Immunotherapy and anti-angiogenic drugs work together to fight lung cancer by disrupting the tumor’s blood supply, while simultaneously unleashing the immune system, creating a powerful combo that shows promising results, especially in advanced NSCLC. Anti-angiogenic drugs, like VEGF inhibitors, starve tumors and reduce the immunosuppressive environment, making it easier for immunotherapy (like PD-1 inhibitors) to activate T cells and attack the cancer, often leading to better survival rates than either treatment alone. This synergy is now a standard approach, with combinations like atezolizumab, bevacizumab, and chemotherapy approved by the Food and Drug Administration (FDA) for first-line treatment (20–22).

The CAM model in the study of lung cancer tumor growth and angiogenesis

The CAM model provides robust and rapid mechanistic evidence for tumor biology and drug response studies using lung tumor xenografts, using methods comparable to those used for human samples, including histology and immunohistochemistry, molecular analysis, and imaging techniques. The CAM model used in pre-clinical potential research may inform or provide background for later clinical trials and justify the transition to human trials by demonstrating initial efficacy, safety, or mechanistic insights, such as anti-angiogenic drugs.

Miura et al. (23) transplanted lung cancer cell lines and cell line-derived organoids onto the CAM and demonstrated an angiogenic effect, and bevacizumab treatment reduced the number of newly formed blood vessels. Rousset et al. (24) evaluated here whether the isolation of fresh cancer tumor cells (CTCs) from patients with metastatic cancers provides a reliable tumor model after a CAM xenograft. They enrolled patients with lung metastatic cancers. After 48–72 h of culture, the CTCs were engrafted onto the CAM of embryonated chicken eggs at ED 9. The tumors were resected 9 days after engraftment, and histopathological, immunochemical, and genomic analyses were performed. In the lung cancer group, adenocarcinoma was the most frequent histological subtype. Fourteen were positive for PD-L1. It is important to note that the primary difficulties and inconsistencies in making and using CTC xenografts stem from the loss of tumor heterogeneity, the replacement of human stroma with other components, the lack of a functional human immune system in the models, and issues with experimental reproducibility and contamination.

In vivo angiogenic response surrounding the SCLC transplantation tumors in CAM was promoted after exogenous HIF-1α transduction.

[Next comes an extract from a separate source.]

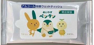 ②体内時計ピッタリ選手権参加賞エントリーにご協力いただくと、先着600名様に明治安田マスコットキャラクターの「ペンタン・うさりん・かめろん」除菌ウェットティッシュをその場でプレゼントいたします。
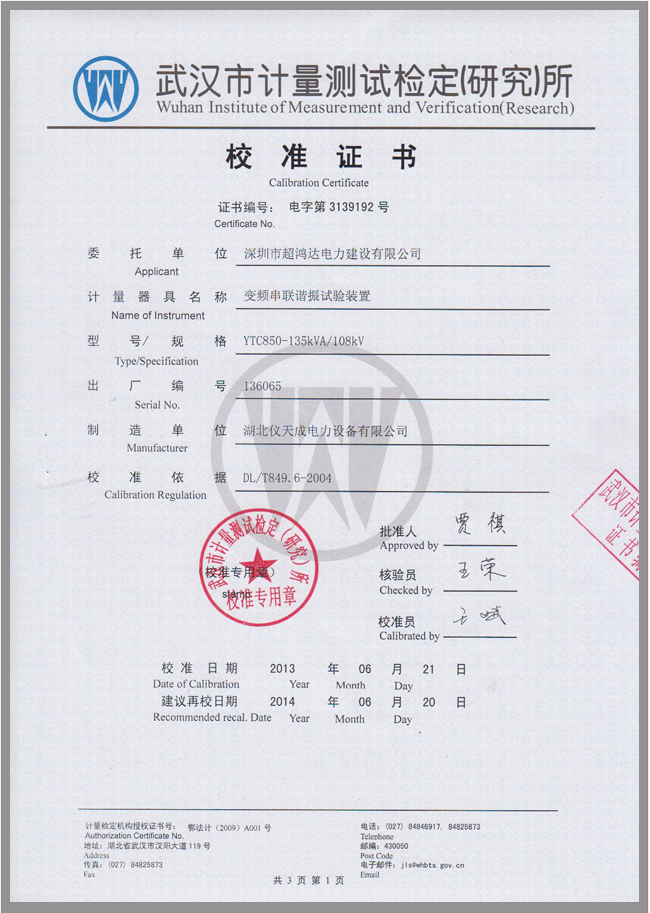 轉載:"YTC850系列電纜交流耐壓試驗裝置鑒定證書" 請注明來源于儀天成電力。 更多技術問題請致電儀天成電力客戶服務:027-87876585,技術部專線:027-87876585,在線客服:719388481

HIF-1α upregulated the expression of angiogenic genes VEGF-A, TNFAIP6, PDGFC, FN1, MMP28, and MMP14 and glycolytic genes GLUT1 and GLUT2. The expression of these angiogenic factors was also upregulated by HIF-1α in the transplantation tumors in CAM, as RT-PCR and Western blotting analysis indicated (25).

Waschkies et al. (26) compared MC-38 colon and A549 lung adenocarcinoma cell grafts grown on the CAM, using quantitative MRI readouts as imaging markers. Different grafts based on the A549 lung adenocarcinoma cell line display distinct phenotypes that can be distinguished and characterized non-invasively in ovo using MRI in the living chicken embryo.

Three NSCLC cell lines were used to analyze the anti-angiogenic effect when exposed to metformin alone, pemetrexed alone, or their combination in the CAM model (27). Sodium valproate, a histone deacetylase inhibitor, produces dose-dependent anti-angiogenic and antimigratory effects on lung tumors grafted on the CAM (28).

Li et al. (29) tested human NSCLC xenograft tumors on the CAM. The NSCLC cell lines tested formed a solid tumor. When chemotherapeutic agents and recombinant viruses were tested, the simple application of these agents on the CAM resulted in efficient systemic delivery, and systemic treatment with a combination of pemetrexed and cisplatin inhibited tumor growth (29). The human NSCLC HCC827 cells were engrafted onto the CAM and treated with osimertinib, a third-generation EGFR tyrosine kinase inhibitor, for 7 days (30). They found that tumor growth inversely correlated with osimertinib dosage, and transcriptomic analysis revealed that osimertinib reduced EGFR pathway activity and dampened chemotaxis, immune recruitment, and angiogenesis. MiR-146a-5p-overexpressing NSCLC cells were transplanted onto the CAM, and the xenograft tumor size and angiogenesis of the miR-146a-5p-overexpressing group were lower when compared with the control group (31).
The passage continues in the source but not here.